Information
- School type: Private Christian school
- Established: 1993; 33 years ago
- Grades: K-12
- Enrollment: c.250 (2018)
- Website: www.gcahtx.com

= Grace Christian Academy (Texas) =

Private school in Texas, United States

Grace Christian Academy (GCA) is a private K–12 Christian school located in Clear Lake City, Houston, Texas. The independent Christian school is located on a 20 acre facility, with one building and 106,000 sqft of useable space, in the Pineloch neighborhood in Clear Lake City. The plot the school is built on is surrounded by outside athletic facilities.

==History==
GCA was founded in 1993 as Grace Christian School. In 2004 Grace Community Church moved to a new location. The school bought the building and changed its name to Clear Lake Christian School. In 2005 Harvest Christian Academy closed, consolidating into CLCS, and in celebration of its 25th year is now named Grace Christian Academy. In 2006 South Shaver Baptist Christian School closed, consolidating into CLCS.

== Academics ==
GCA has a 100% graduation rate, with 97.5% of students continuing to university. Notably, GCA graduates continued their academic studies to facilities such as the University of Oxford, Harvard University, Georgetown University, Penn State University, Rice University, and Baylor University, among others.

Grace Christian Academy holds memberships the Association of Christian Schools International (ACSI), International Christian Accrediting Association (ICAA), AdvancED Worldwide, T-CAL and NCAA.

=== Extracurricular activities ===
The school has a STEM program, Student Council, Athletics, Beta Club, National Honor Society, History Club, Yearbook, Robotics, and National Elementary Honor Society.

=== Faith integration ===
Each morning opens with a school assembly and prayer.

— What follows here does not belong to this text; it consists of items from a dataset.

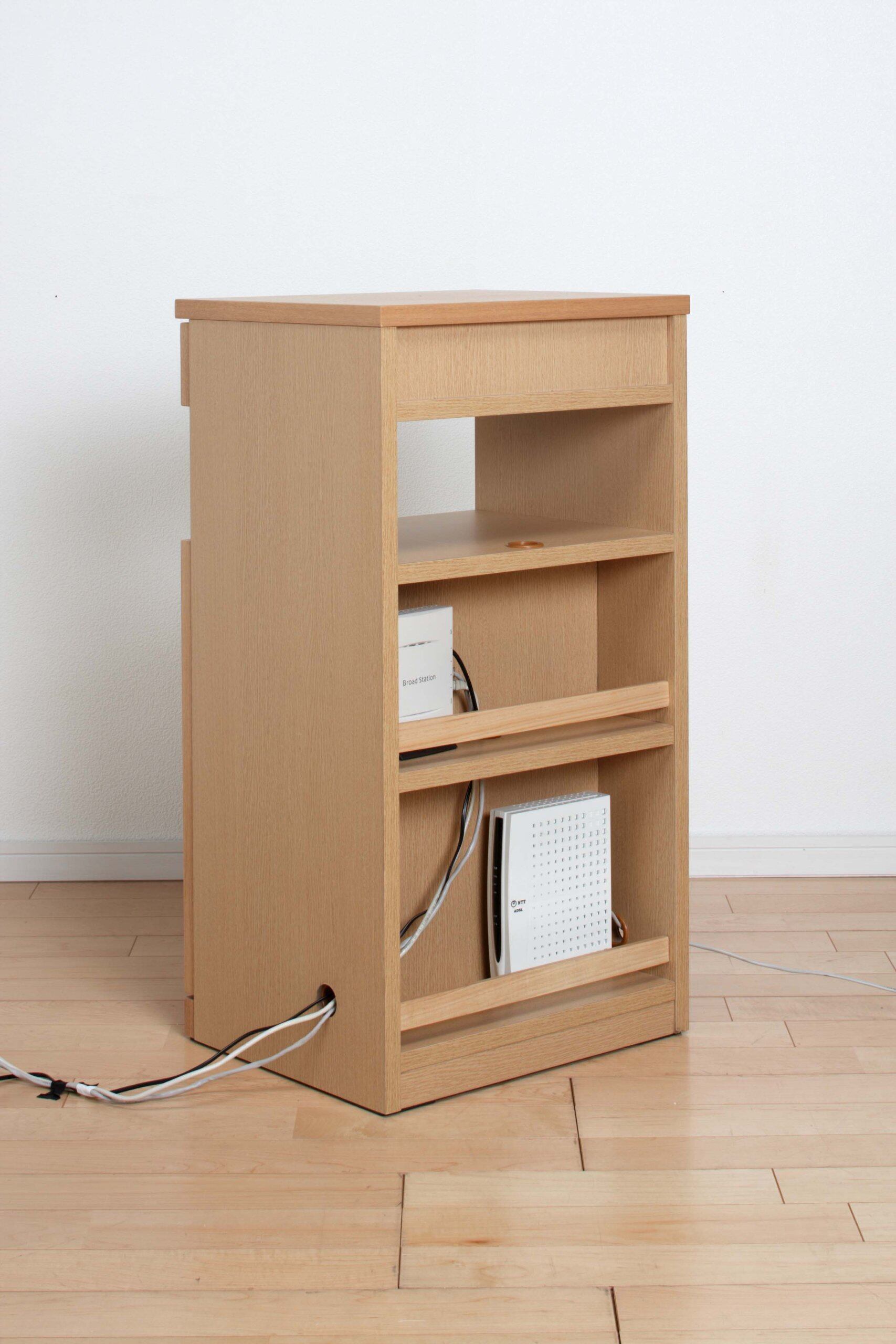 ルーターが背面にすっきり収納できるキャビネット NS-8002 ホワイトオーク
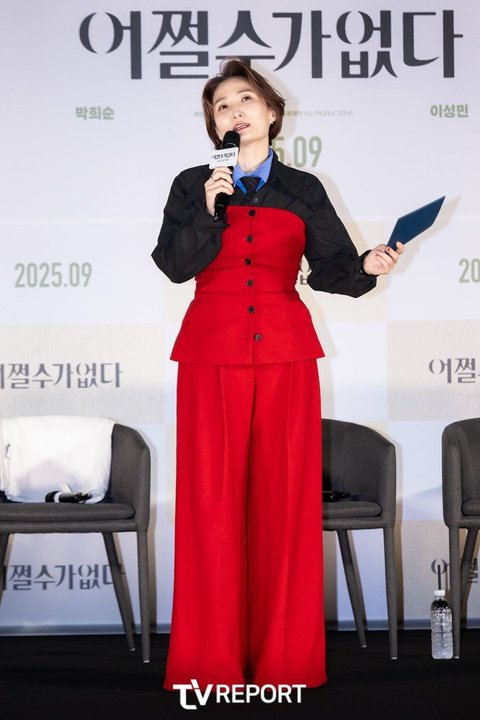 배우 박경림이 19일 오전 서울 용산구 용산 CGV아이파크몰점에서 열린 영화 '어쩔수가없다' 제작보고회에 참석해 진행을 맡고 있다.
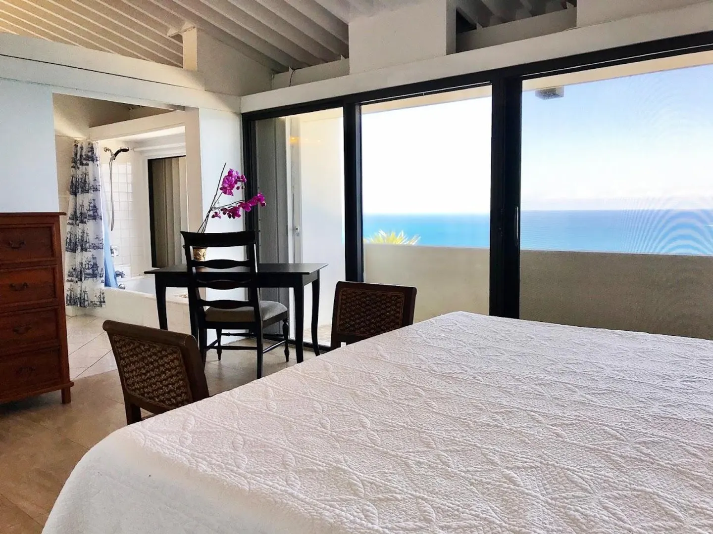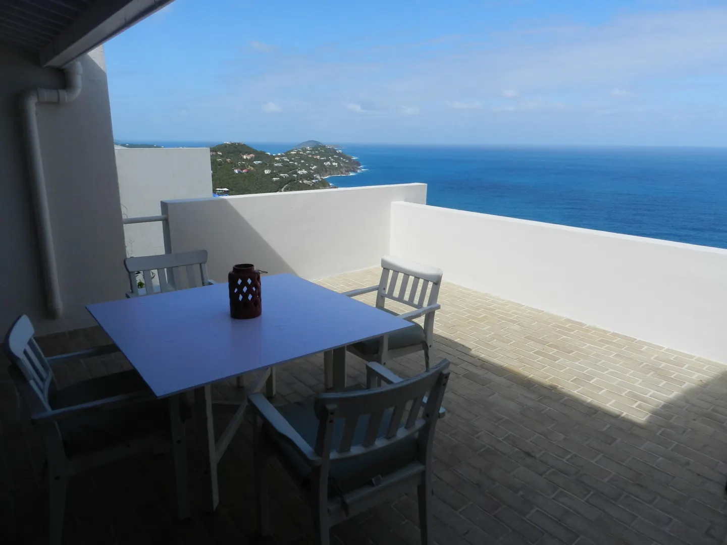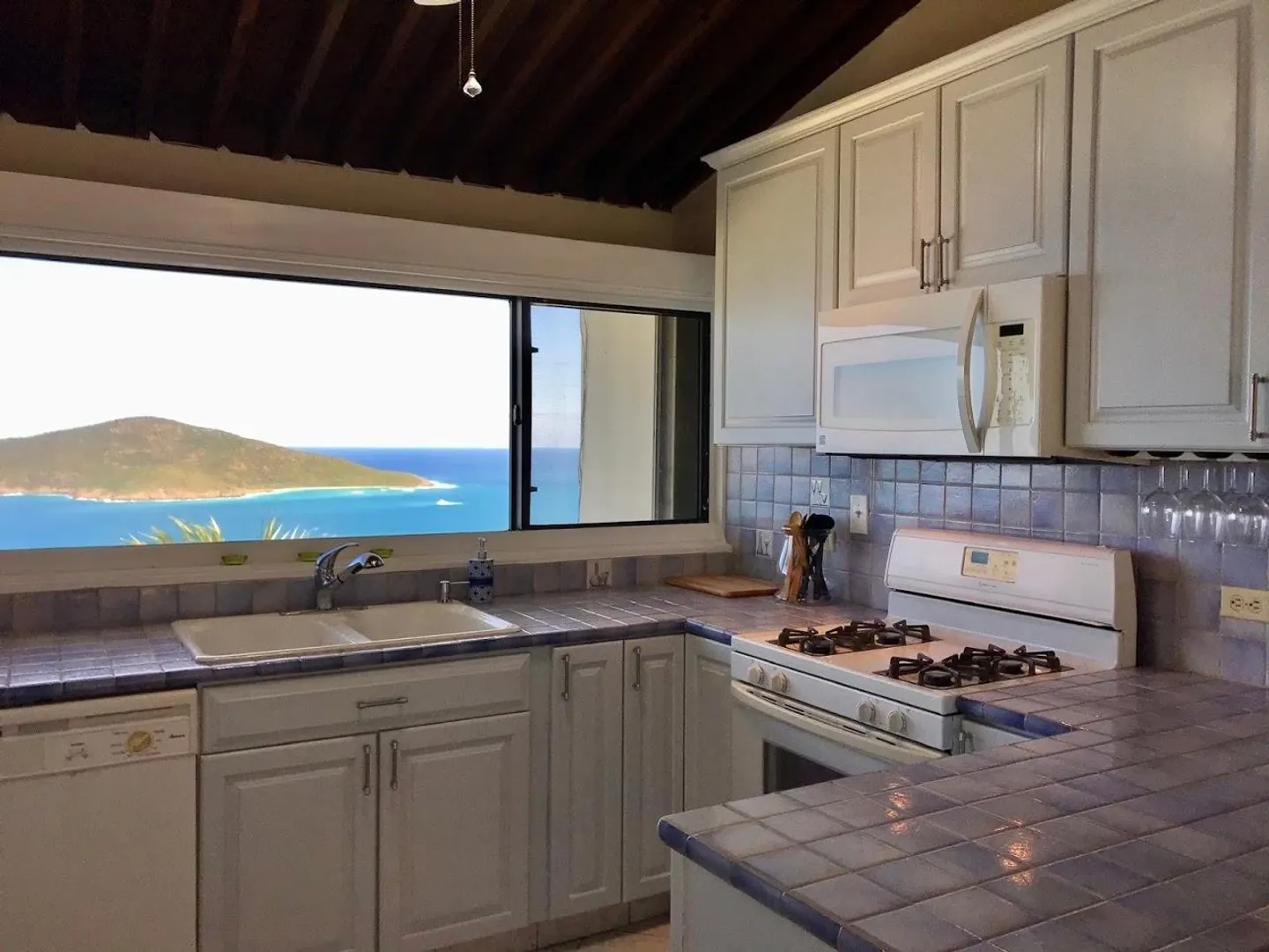 Spectacular down island views and constant cooling tradewinds are hallmarks of this East facing Upper unit, perfectly sited inside the secure, gated grounds of Mahogany Run. Recently remodeled and upgraded, this unit is uniquely located in a stand alone building, assuring exceptional privacy.Spacious patio off the cathedral ceilinged living room, creates a sense of expansiveness. Sweeping views spill into the beautifully renovated, window lined kitchen. Crisp, modern upgrades to baths, as well as custom expanded second bedroom, add to the value. State of art Hi Efficiency split ACs, but rarely needed. Only a short walk to the alluring, always tranquil, hilltop pool. Single, designated, covered parking. Unit also has a diesel generator hardwired for WAPA outages

Students participate in weekly chapel services held on Thursdays. High school students are required to complete 4 credits of Bible. Elementary students begin each day with a Bible lesson.

==Demographics==
As of 2018, GCA has over 250 students. The school has one of the most diverse populations for private schools in the area.

- 8.0% African/American
- 10.0% Hispanic
- 21.7% Asian
- 61% White
- 0.3% two or more races

==Athletics==
GCA is associated with T-CAL and has six man football.

The varsity volleyball team competes in Division TCAL 3A. Since 2012, they have consistently ranked in the top 5 for the state of Texas, becoming state champions in 2014 and 2016.